VIN: 5YJ3E13374KF2313373
Car Type: 3 P74D
Birthday: Mon Mar 11 16:31:37 2019
Car Version: develop-2019.20.1-203-991337d
Car Computer: ice
SOE / USOE: 48.9, 48.9 %
SOC: 54.2 %
Ideal energy remaining: 37.2 kWh
Range: 151.7 mi
Odometer: 4813.7 miles
Gear: D
Speed: 81 mph
Local Time: Wed Jun 19 15:09:06 2019
UTC Offset: -21600
Timezone: Mountain Daylight Time
BMS State: DRIVE
12V Battery Voltage: 13.881 V
12V Battery Current: 0.13 A
Locked?: true
UI Mode: comfort
Language: English
Service Alert: 0X0
Additionally, there were tabs about firmware, CAN viewers, geofence locations, configurations, and code named functionalities that sounded interesting.
Some of the functionality of the application
I had attempted to browse to the "redacted.teslamotors.com" URL but it timed out. It was probably an internal application.

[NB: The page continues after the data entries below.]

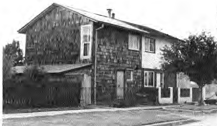
La típica casa de población, convertida en "casa del sur" gracias a la incorporación de la teja de alerce.

Toda esta rica variedad es respetuosa de ciertos principios: Prevalece la sobriedad sobre la ostentancia; el continuo sobre el aislado; el material propio sobre el importado; la diversidad sobre la seriatin. Esta arquitectura popular es parte constitutiva de una rica cultura y tradición arquitectónica sureña.
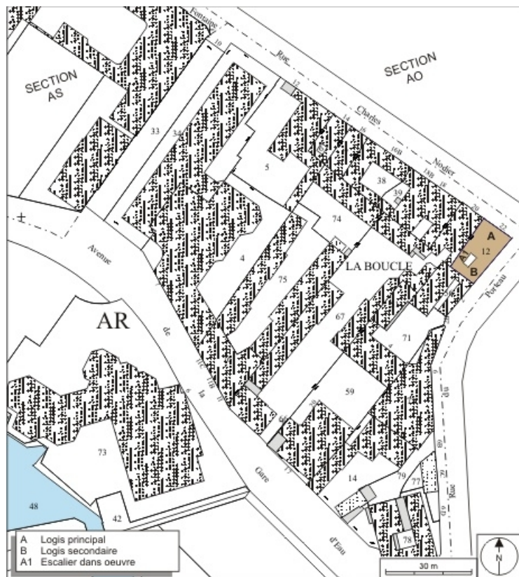
Plan masse et de situation. Extrait du plan cadastral, 1974, section AS2. 25, Besançon, 22 rue Charles Nodier, lieudit : îlot Préfecture
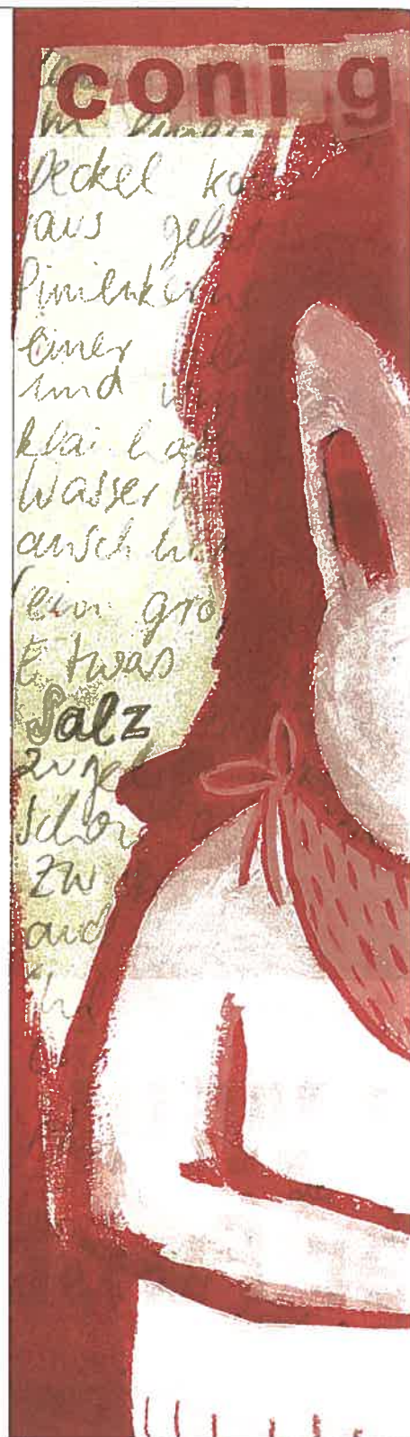
Die Zeichnungen von Larissa Bertonasco „la cucina, la vita“, erschienen

Bald werden die Kinder nach einem Rezept der Oma Apfelkuchen backen und mit Gewürzen statt Farben Phantasietiere entwerfen. Oder auf ein riesiges Gruppenbild mit Tusche und Pastellkreiden das eigene Lieblingsessen malen.
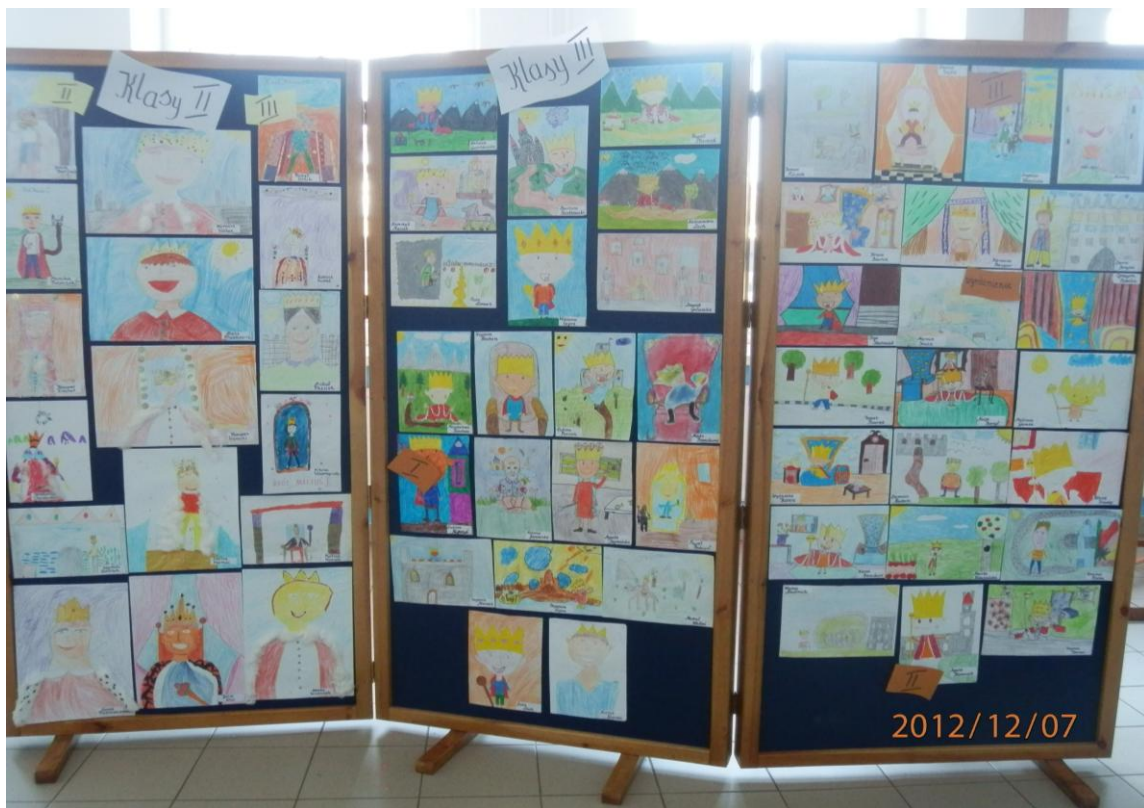
Wystawa prac uczniów

The thing that was very interesting was that live support agents have the capability to send updates out to cars and, most likely, modify configurations of vehicles. My guess was that this application had that functionality based off the different hyperlinks within the DOM.

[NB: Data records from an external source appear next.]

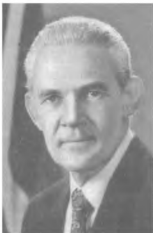
Майкл Норман Мэнли (1924–1997) Премьер-министр Ямайки (1972–1980, 1989–1992)

Майкл Норман Мэнли в 1949 г. окончил Лондонскую экономическую школу. На родине работал журналистом, занимал ответственные посты в профсоюзах. В 1962 г. был избран сенатором, в 1967 г. – в палату представителей. В 1969 г. возглавил ННП.
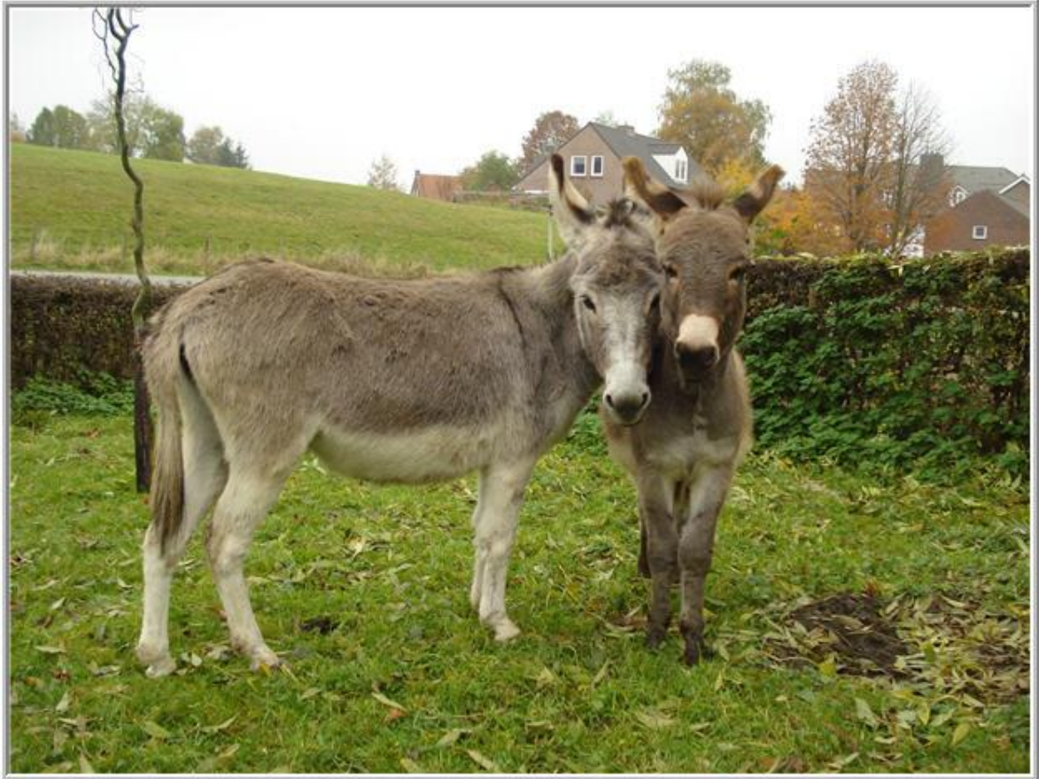
*lief duo Roncette en Lisa*

Ik zou nog veel en veel meer kunnen en willen vertellen over Roncette en Lisa, wat ze doen, hoe het met hun gaat, hoe ze zich gedragen, en nog veeeeeeeeel meer. Maar nu eindig ik dit verhaal van de maand, met nog extra foto's, dan kun je alvast zelf zien, hoe hun eerste weekje is geweest.
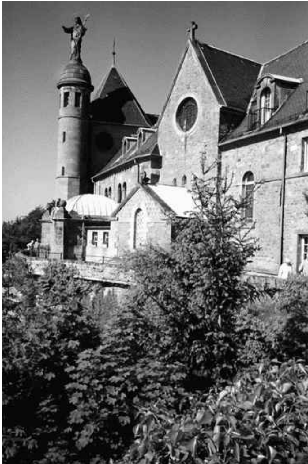
Монастырь Святой Одиллии. Обретя зрение, паломники могут полюбоваться великолепием романской архитектуры

Несмотря на раздробленность народов Галлии, кельтские чародеи действовали согласованно. Раз в год они собирались для обсуждения насущных проблем и могли, например, начать или остановить войну.
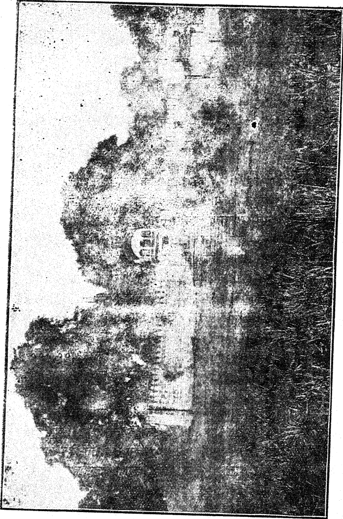
हरसिद्धि देवी का मन्दिर

I didn't attempt this, but it is likely that by incrementing the ID sent to the vitals endpoint, an attacker could pull and modify information about other cars.

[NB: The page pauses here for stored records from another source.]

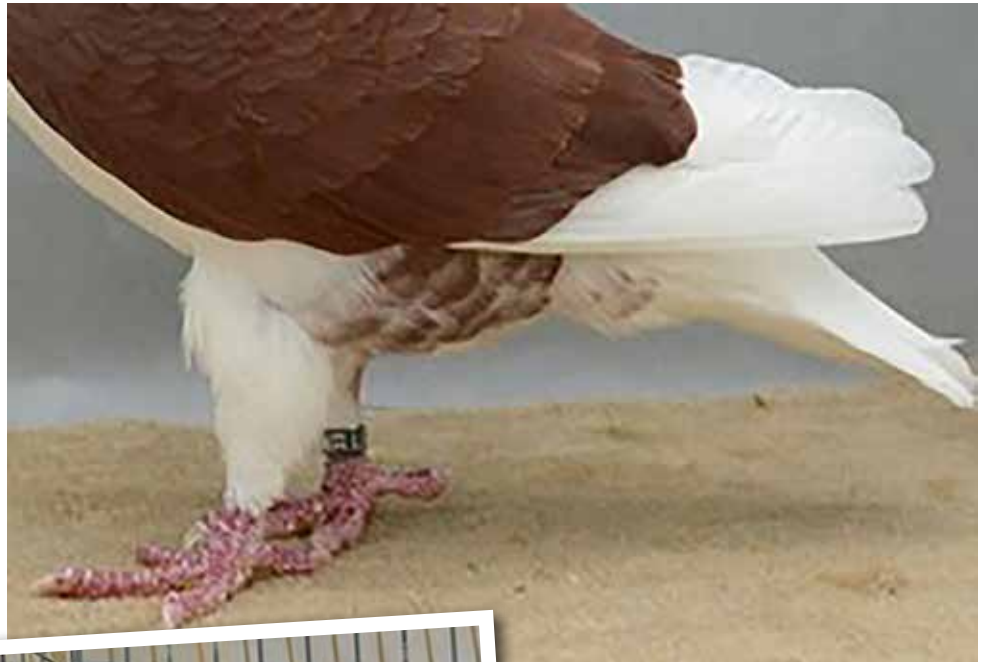
Kleur achter de benen. Dit mag.
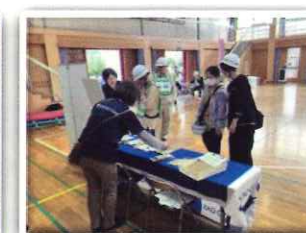
東京ガス(株)日立支店 共創推進部
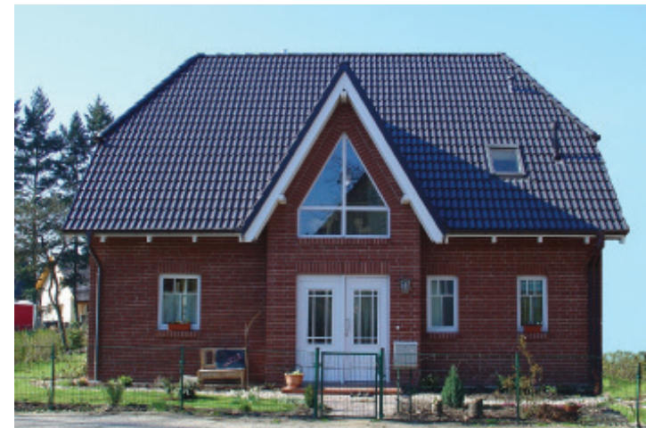
Abbildung mit Sonderbauteilen

( Auf Kundenwunsch durch unsere Hausbank)
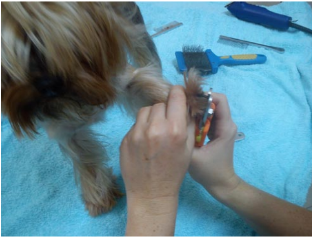
Ryc. 5. Obcinanie pazurków
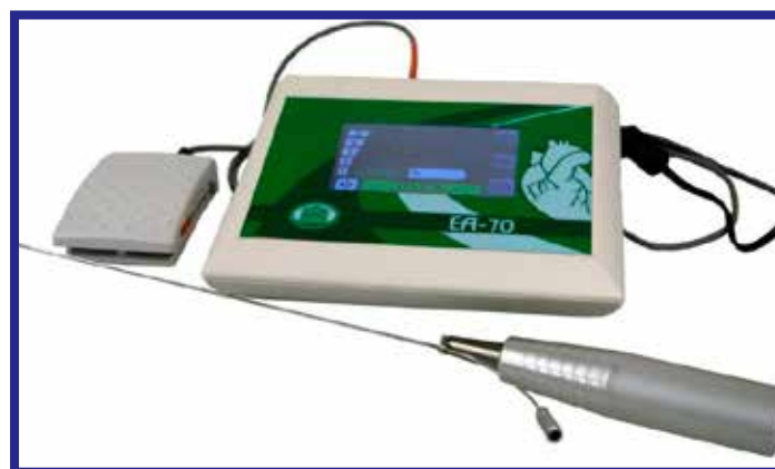
Рис. 4. Акустическая система

дуально под размеры уже имеющегося ультразвукового датчика. Обеспечена их патентная защита и получены регистрационные удостоверения.

If I were an attacker attempting to compromise this I'd probably have to submit a few support requests but I'd eventually be able to learn enough about their environment via viewing the DOM and JavaScript to forge a request to do exactly what I'd want to do.
Reporting
At nearly 2:00 AM in the morning (after driving for 11 hours) I manically wrote a report to the Tesla bug bounty program. They triaged it as a P1, commented, and pushed out a hot fix within 12 hours.
I was unable to reproduce it. In about two weeks, they paid out a $10,000 bounty and confirmed my suspicion this was a serious issue.
Looking back, this was a very simple issue but understandably something that could've been overlooked or regressed somehow. Although I'm unsure of the exact impact of the vulnerability, it seems to have been substantial and at the very least would've allowed an attacker to view live information about vehicles and likely customer information.
Timeline
20 Jun 2019 06:27:30 UTC - Reported
20 Jun 2019 20:35:35 UTC - Triaged, hot fix
11 Jul 2019 16:07:59 UTC - Bounty and resolution
On a final note, Tesla's bug bounty program is fantastic. They provide a safe haven for researchers who are in good-faith trying to hack their cars. If you accidentally brick one, they'll even offer support in attempting to fix it.
Thanks to everyone who helped me review this before publishing.